**Exercise directions**
All lines from the one that contains "Not for sure" through the close of the entries below are to be repeated exactly, without any pictures.

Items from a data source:
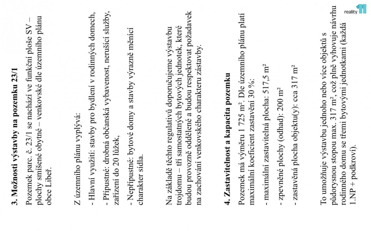 Již máme vypracovanou studii pro výstavbu rodinného domu o třech bytových jednotkách, ale je dle územního plánu možnost stavby pro bydlení v rodinných domech, možná drobná občanská vybavenost, nerušící služby, zařízení do 20 - ti lůžek, nepřípustné jsou bytové domy.
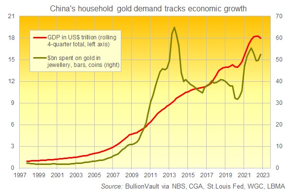 Not for sure and most certainly no, respectively. But on balance, gold has come into 2023 with global household demand already back to pre-Covid levels at prices very much higher, while Chinese consumers – finally released from lockdown both economically and socially – show no sign of snapping the long-term link between their spending on gold and the country's GDP growth.
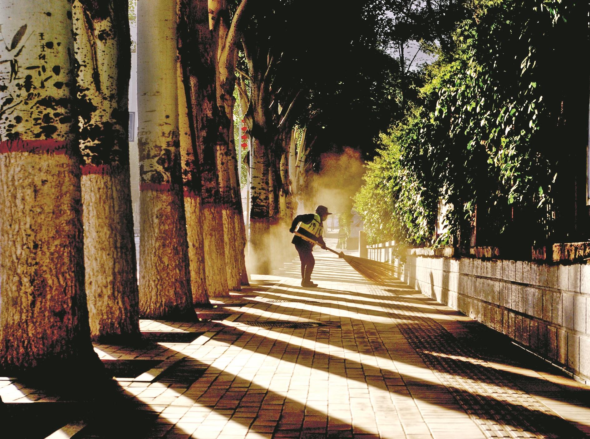 她根据征稿要求,确定拍摄主题,将镜头对准环卫工人。为拍出环卫工人最真实的工作场景,沈树林拿出自己最好的摄影装备。她踌躇满志,现实却给了她当头一棒。首次拍摄,沈树林早早地起床,却依然去晚了,她败兴而归。第二次拍摄,她更早起床,由于去得太早,天很黑,自然光线不好,她拍了几十张,没有达到自己的标准,那一天她闷闷不乐。第三次拍摄,她选择自然光线较好的时间去拍摄。“我去现场等了一会儿,环卫工人到现场开始工作。当时天蒙蒙亮,光线比较柔和,我抓住时机,拍了100多张环卫工人工作的照片。当时天气已经很冷了,拍照的时候没感觉,回家后才感觉自己冻得不行了。”她说。这次拍摄,沈树林拍到了满意的照片,她选择其中最好的一张寄给展览组委会。最终,她拍摄的照片《晨》顺利入展。“首次投稿就入展,真是很鼓舞我。摄影展开幕当天,我专门去看,还与自己入展的照片合了个影。”沈树林笑着说。
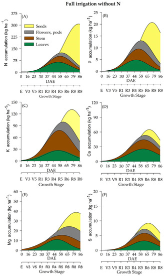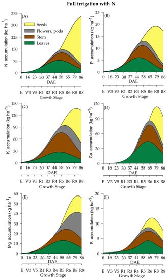 Total accumulation of macronutrients [nitrogen-N (A), phosphate-P (B), potassium-K (C), calcium-Ca (D), magnesium-Mg (E) and sulfur-S (F)] under a full water regime and N fertilization throughout the soybean cycle.
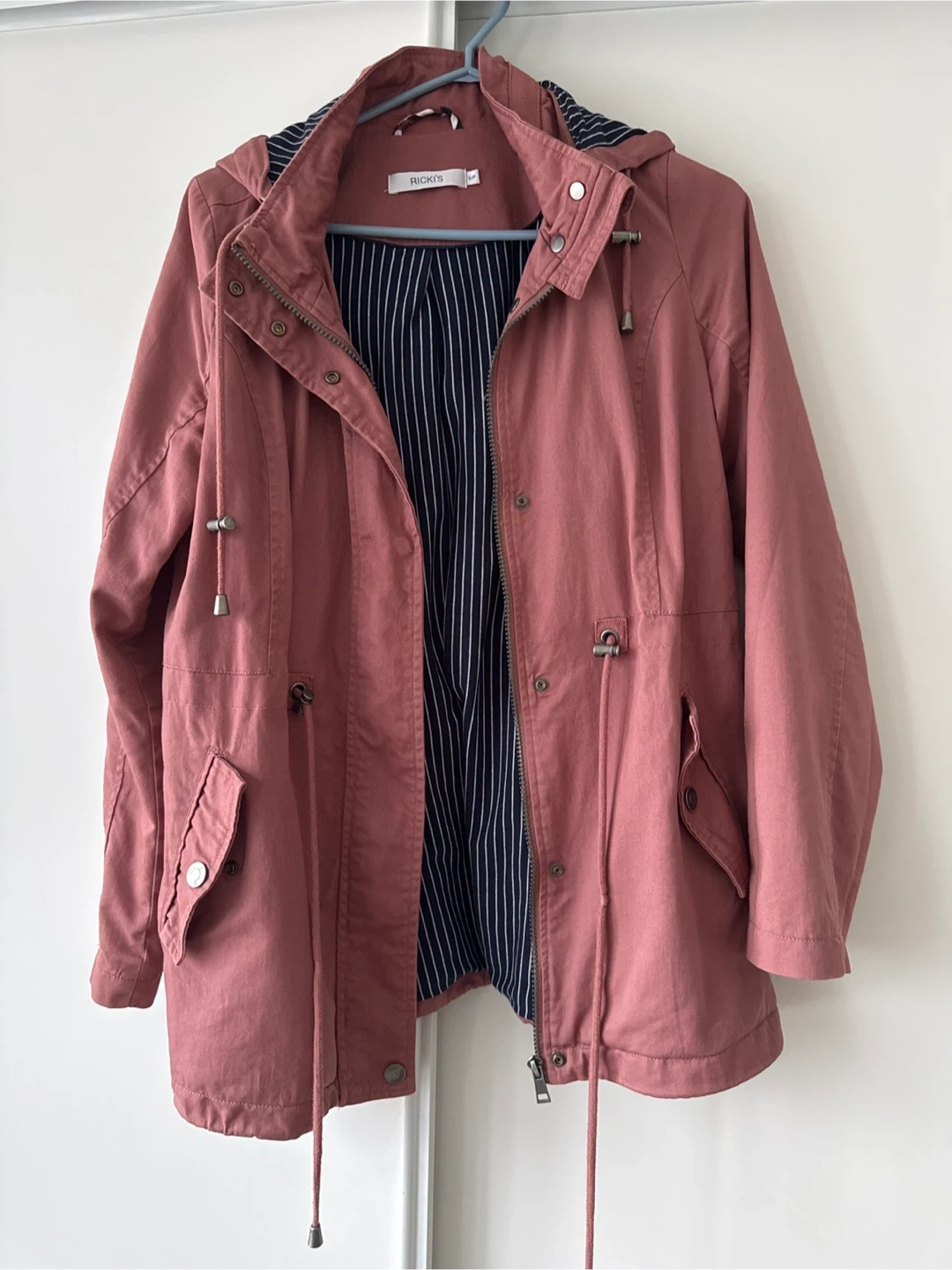 I'm selling a Ricki's hooded jacket in a lovely pink colour. It's a size small and features a striped lining. Perfect for those cooler days!

**Written response**
 Not for sure and most certainly no, respectively. But on balance, gold has come into 2023 with global household demand already back to pre-Covid levels at prices very much higher, while Chinese consumers – finally released from lockdown both economically and socially – show no sign of snapping the long-term link between their spending on gold and the country's GDP growth.
 她根据征稿要求,确定拍摄主题,将镜头对准环卫工人。为拍出环卫工人最真实的工作场景,沈树林拿出自己最好的摄影装备。她踌躇满志,现实却给了她当头一棒。首次拍摄,沈树林早早地起床,却依然去晚了,她败兴而归。第二次拍摄,她更早起床,由于去得太早,天很黑,自然光线不好,她拍了几十张,没有达到自己的标准,那一天她闷闷不乐。第三次拍摄,她选择自然光线较好的时间去拍摄。“我去现场等了一会儿,环卫工人到现场开始工作。当时天蒙蒙亮,光线比较柔和,我抓住时机,拍了100多张环卫工人工作的照片。当时天气已经很冷了,拍照的时候没感觉,回家后才感觉自己冻得不行了。”她说。这次拍摄,沈树林拍到了满意的照片,她选择其中最好的一张寄给展览组委会。最终,她拍摄的照片《晨》顺利入展。“首次投稿就入展,真是很鼓舞我。摄影展开幕当天,我专门去看,还与自己入展的照片合了个影。”沈树林笑着说。
 Total accumulation of macronutrients [nitrogen-N (A), phosphate-P (B), potassium-K (C), calcium-Ca (D), magnesium-Mg (E) and sulfur-S (F)] under a full water regime and N fertilization throughout the soybean cycle.
 I'm selling a Ricki's hooded jacket in a lovely pink colour. It's a size small and features a striped lining. Perfect for those cooler days!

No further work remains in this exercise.